Zhongyi ZHAO: Equity Investment Industry Matures after Three Rounds of Knockout


Zero2IPO news- On July 14th, Jiuding Capital’s partner Zhongyi ZHAO pointed out that equity investment industry couldn’t become mature until being knocked out three times at the 10th China Venture Capital & Private Equity Semi-annual Forum hosted by Zero2IPO Group.

He explained the first knocking-out referred to the financial crisis of 2008. The companies weeded out in the second round include those companies survived in the crisis but achieved nothing in the following 3-4 years. The companies knocked out in the third round were those overconfident companies that failed to adopt risk control measures. 

He held that the institutional investment could be divided into three phases: “first-come, first-served”, “highest bidder, final winner” and “excellent service, final winner”.

The following are his points of view:

Jiuding Capital is a Chinese private fund management institution with flexible operation mechanisms. Besides RMB, we also manage US dollars. We have invested in dozens of Chinese enterprises, among which, Gifore has been listed on the market.

In fact, RMB fund has sprung up since 2007. Someone feel it’s highly valued and burst economic bubbles, but I think it’s a good phenomenon. In the long run, China is a country lack of capital despite excessive capital supply in certain periods. At presents, many funds prefer equity investment, so enterprises would be able to get enough capital support, which is a good thing.

Moreover, wise and diligent Chinese people always flock into one industry at the same time when they find commercial opportunities, which can be seen in many industries including equity investment. Equity investment industry will become mature until being knocked out for three times.

The three rounds of knocking-out perhaps like this: in the first round, a lot of institutions that were lack of financing ability were knocked out in the financial crisis of 2008; in the second round, some institutions were financed and began to invest. In 2006 and 2007, the investment industry developed well. Many institutions began to operate at that time and their gap was not obvious. 3-4 years later, the gap began to be enlarged. Some well-performed companies gained a lot, some of which were listed, but some bad-performed ones achieved nothing and were washed out finally. Hence, 2010 and 2011 are the second round of knocking-out.

After the first two rounds, some institutions performed well, but some were overconfident and radical in investment due to the failure of risk control. Hence those companies would be knocked once they lowered the standards in risk control and standards when suffering severe completion in project development. In conclusion, I think the third round knocking-out is because of inefficient risk control.

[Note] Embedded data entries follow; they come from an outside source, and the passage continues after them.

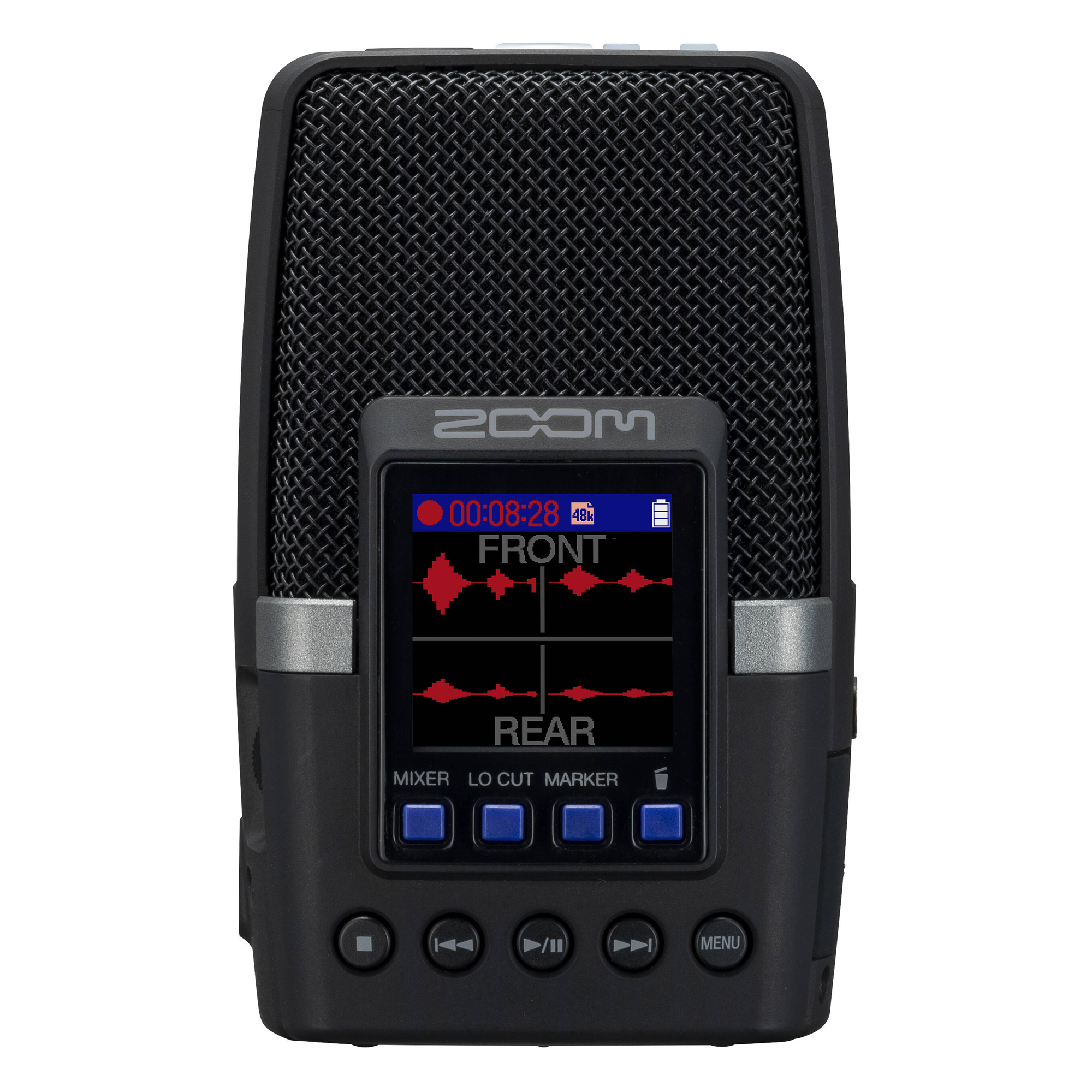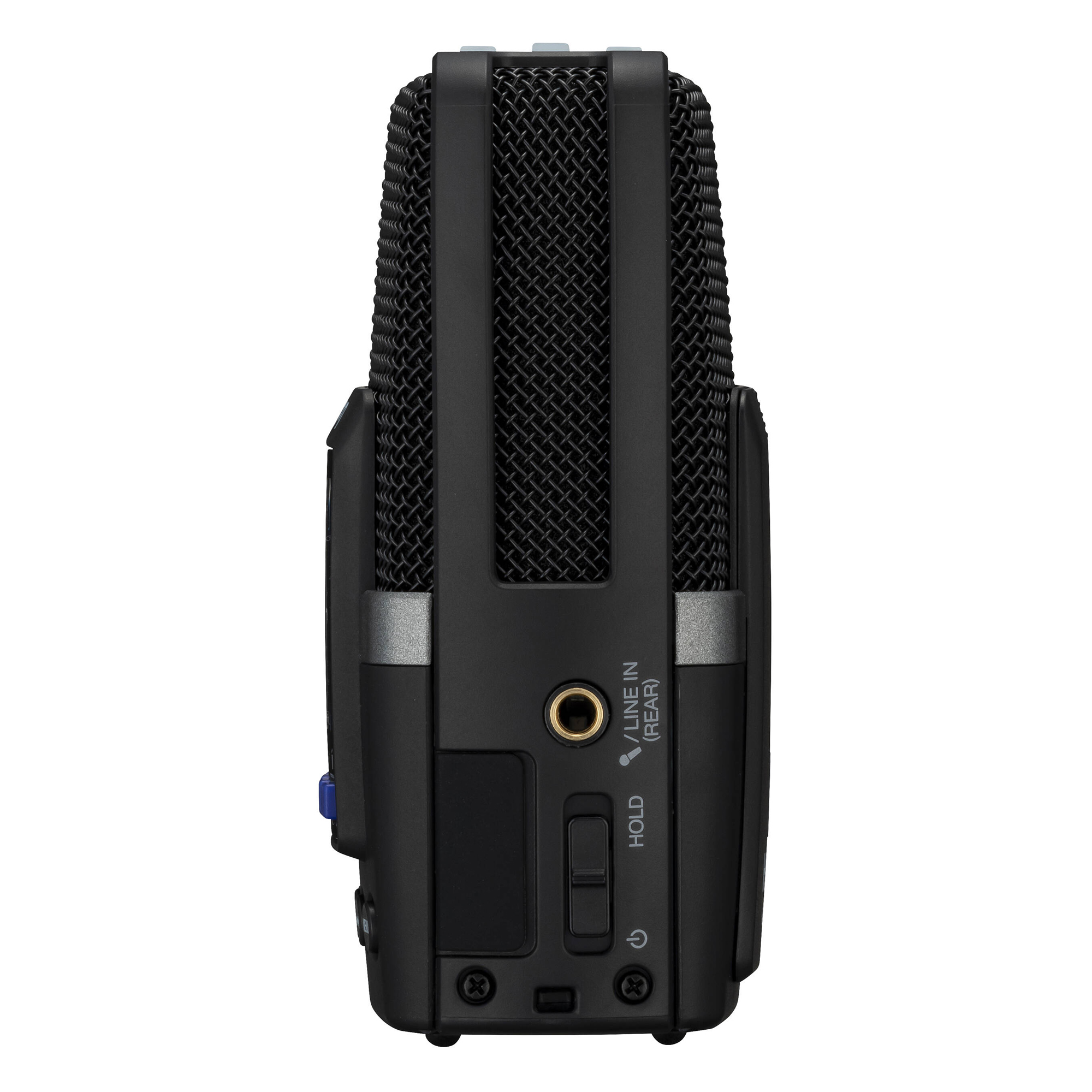 - Simultaneous use of front and back microphones in 120-degree stereo allows you to capture all group members, recording wide immersive audio.
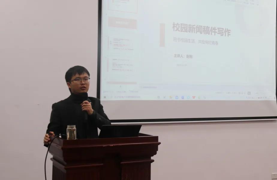 首先赵老师对“新闻”一词进行了解释,强调新闻需要注重时效性,同时提出要把握好新闻的五个要素。其次赵老师从五个方面指出校园新闻稿写作应掌握的方法:校园新闻标题的拟定、校园新闻要素的把握、校园新闻主题确定四大原则 、新闻段落的布局以及校园新闻照片的选取。最后赵老师通过不同种类新闻稿的范例,提出一系列的注意事项,如涉及到名称需写全、数字格式要统一规范、图片选择要走心等。
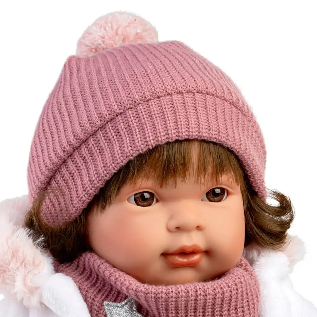 Dacă cauți o păpușă cu adevărat adorabilă, stilată și realistă, Carla va fi alegerea perfectă. Păpușa plângătoare de 42 cm de la Llorens vine îmbrăcată într-o rochie roz strălucitoare, cu efect de pluș, decorată cu mici modele de stele negre. Aspectul de iarnă al păpușii este completat de un palton alb moale, o căciulă tricotată roz pudră cu pompon, un fular circular asortat și jambiere – fiecare detaliu emană căldură și farmec.
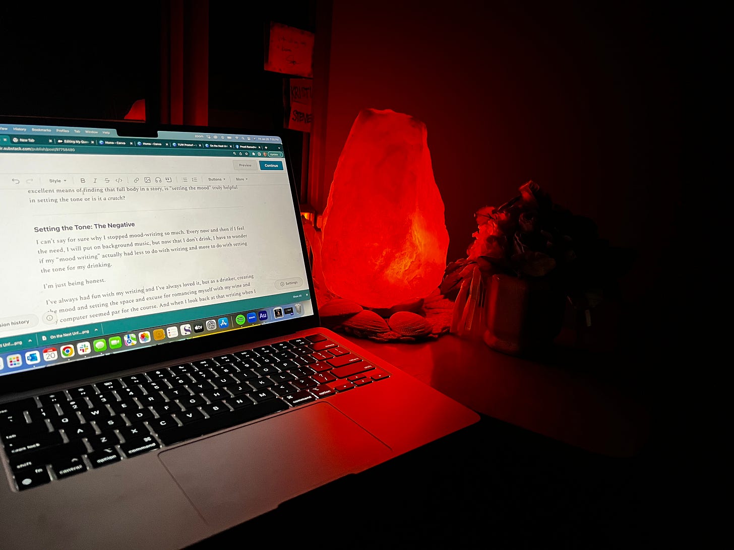 I can’t say for sure why I stopped mood-writing so much. Every now and then if I feel the need, I will put on background music, but now that I don’t drink, I have to wonder if my “mood writing” actually had less to do with writing and more to do with setting the tone for my drinking.
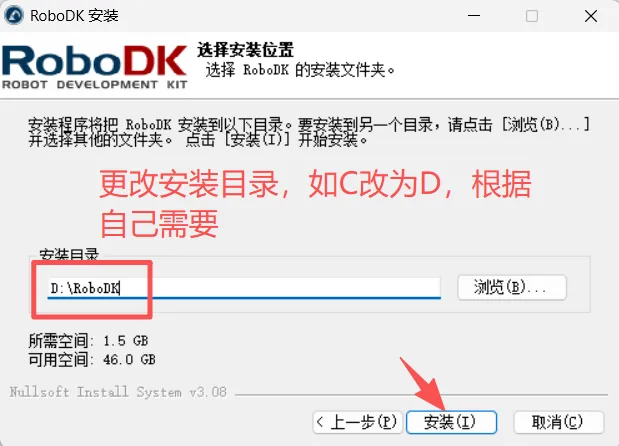 5.修改路径,建议更改安装目录(例如从C盘改为D盘),路径不要包含中文。
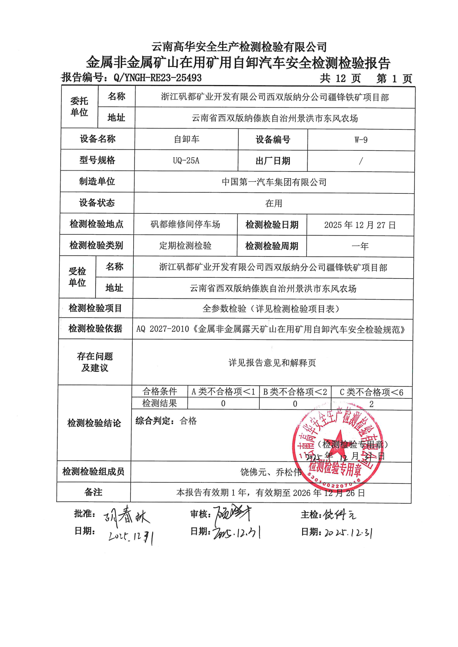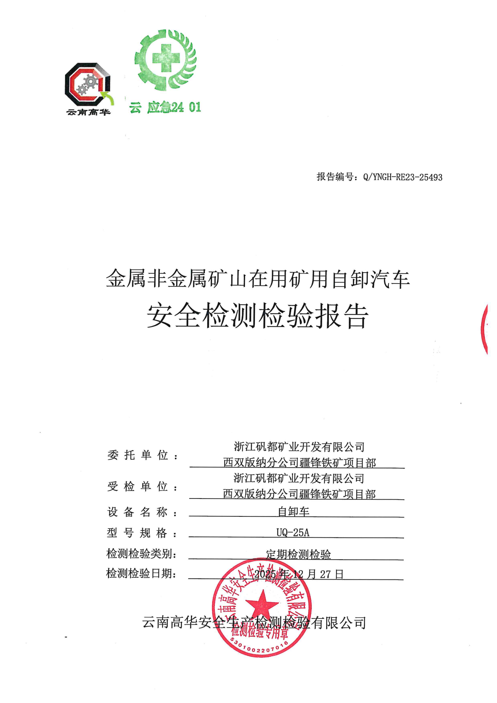 金属非金属矿山在用矿用自卸汽车安全检测检验报告
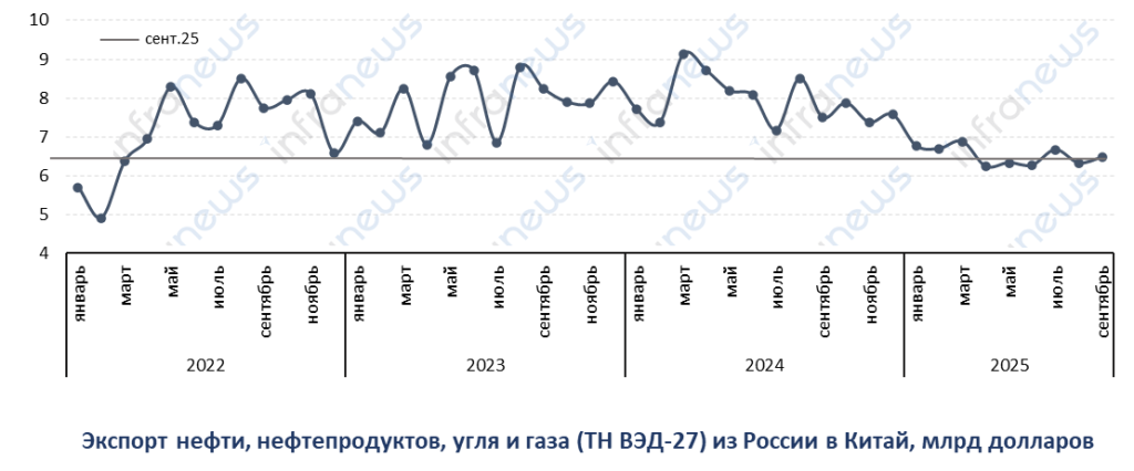 В структуре экспорта стоимость поставок нефти, угля, нефтепродуктов и газа за январь-сентябрь составила почти 59 млрд долларов, что на 18,9% или на 14 млрд долларов меньше, чем годом ранее. В сентябре поставки этой номенклатурной группы в Китай остались на среднем уровне текущего года — 6,5 млрд долларов против среднемесячного уровня 8 млрд долларов в прошлом году.
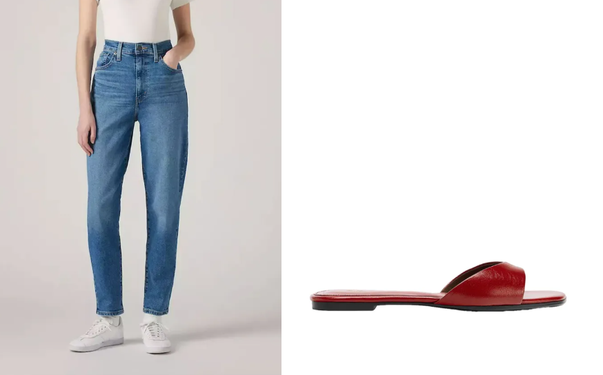 Ідеальний варіант для теплих днів. Простота сандалів врівноважує силует джинсів, створюючи чистий і невимушений стиль.
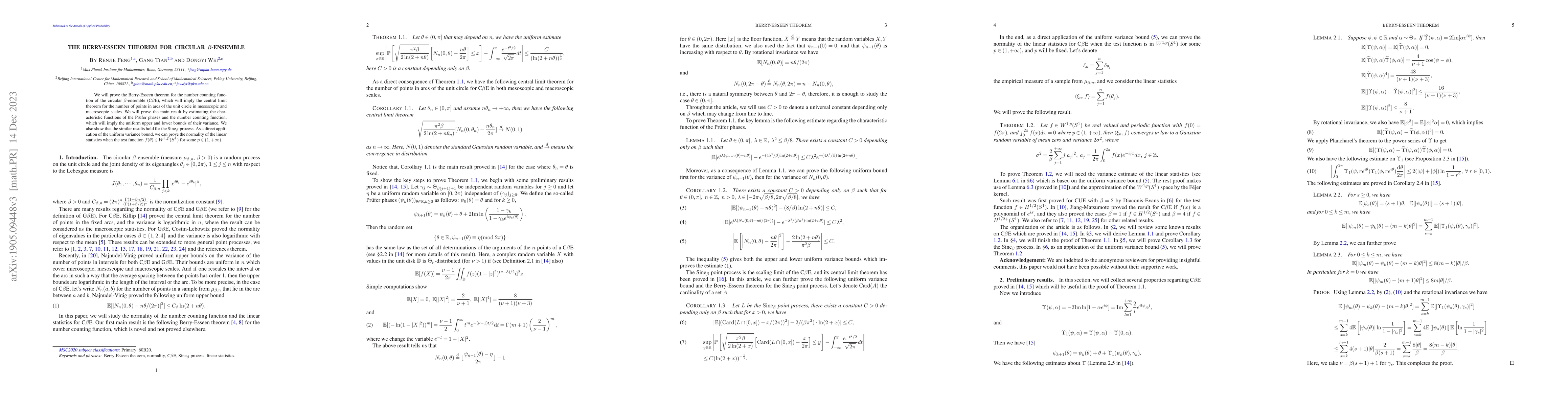 This paper proves the Berry-Esseen theorem for the circular $\beta$-ensemble, establishing central limit theorems for point counts in arcs of the unit circle. It achieves this by estimating characteristic functions and deriving uniform bounds on variances, extending results to the Sine$_\beta$ process and proving normality for linear statistics under certain conditions.
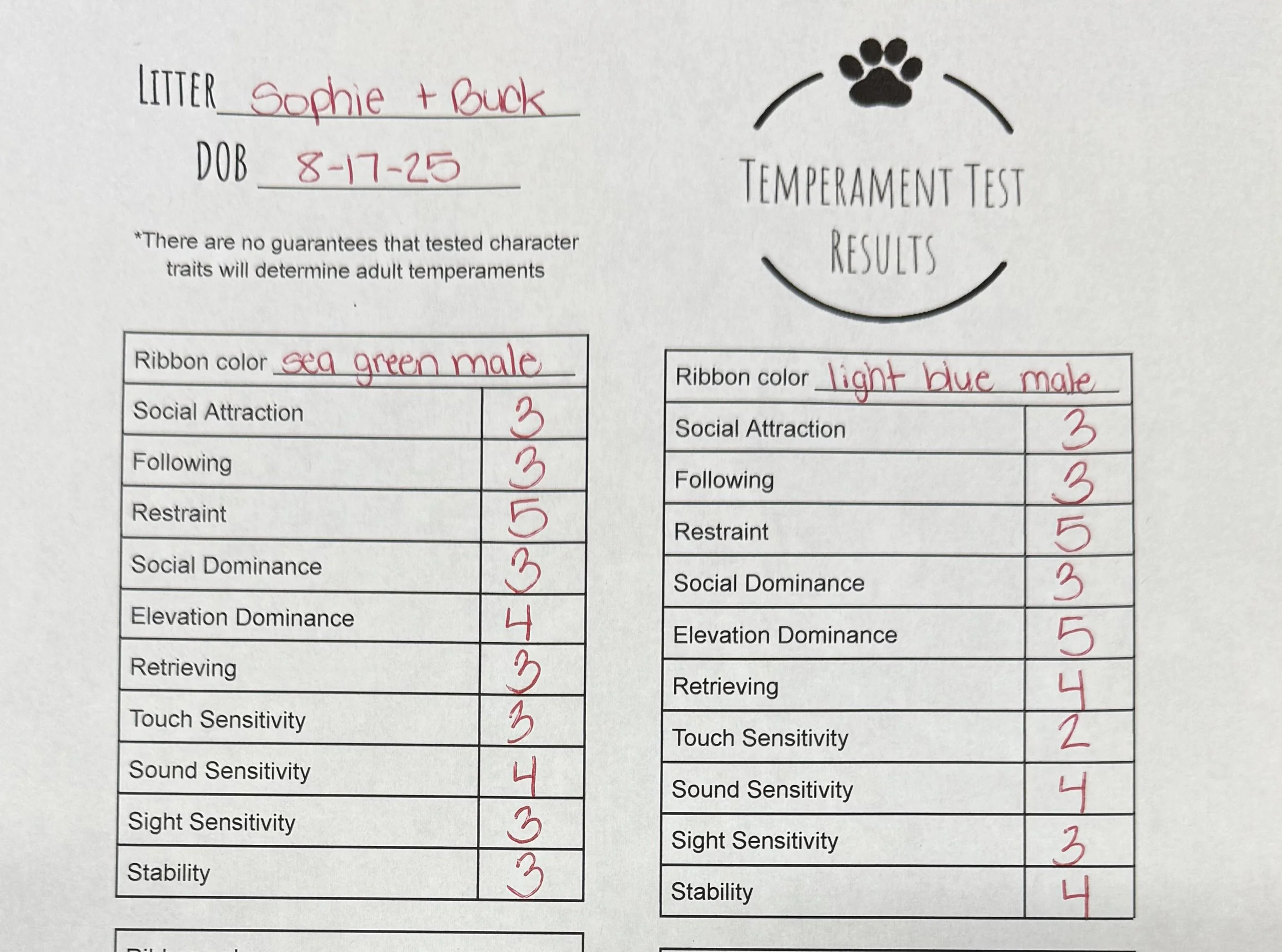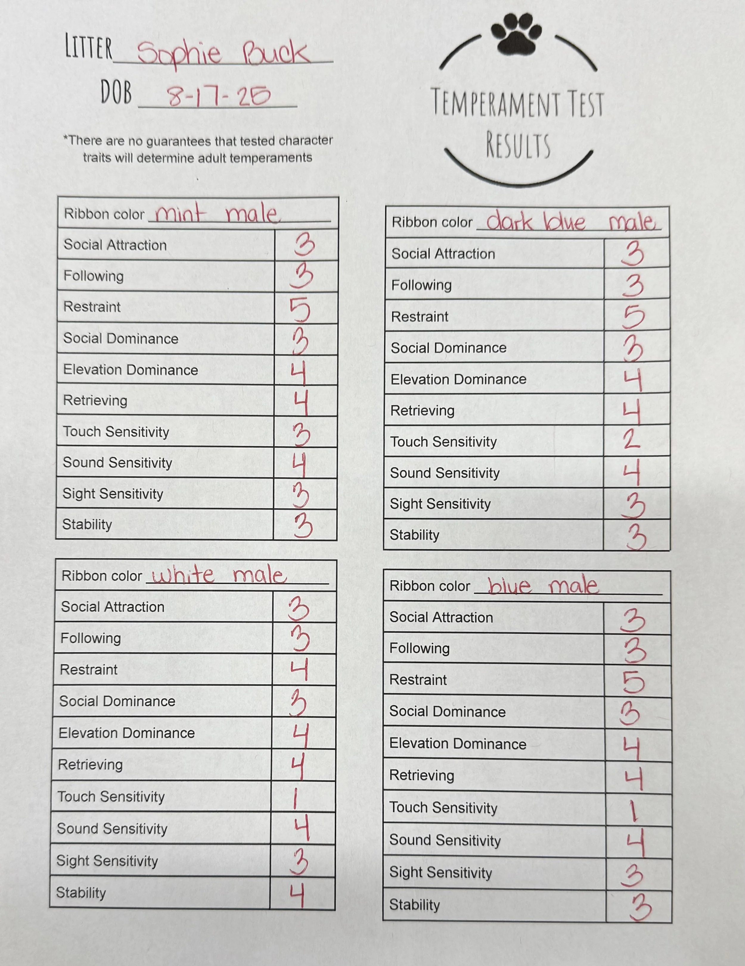 Temperament Test Results

After third rounds of knocking out, the remaining companies would perform well in investment, financing and risk control, which are mature institutions and the industry can become mature after that.

At present, so many institutions are competing fiercely in project development and investment, which can be summarized into three stages:

Stage 1: “First-come, First-served”

In our experience, investment institutions could invest the companies he chose in 2005 and 2006. Those companies had nothing to know about investment.

Stage 2: “Highest Bidder, Final Winner” 

At the second stage, they competed by price. Usually, several investors may be attracted by one project at the same time. In that case, investors with the highest bidding price would become the final winner. The project owners thought money was more useful than their commitment in service.

Stage 3: “Excellent Service, Final Winner”

The final stage shows that an industry begins to enter into the mature stage, namely winning by service which can help enterprises grow and succeed. I totally agree to the point of view of “Few Investment, Much Service” proposed at the previous forum. The second stage is irrational. It’s better to loan from banks if you invest in those projects without any services because it’ll cost little. What investors pay attention to is service.

We set up our own service team to serve customers specially, which convinced our efforts in services. Although the final competition structure was shifted from good price to good service, many institutions were forced to raise price in the second stage.

I think the development target of investors should depend on their profession, and the investors can survive after setting foot in professional sectors.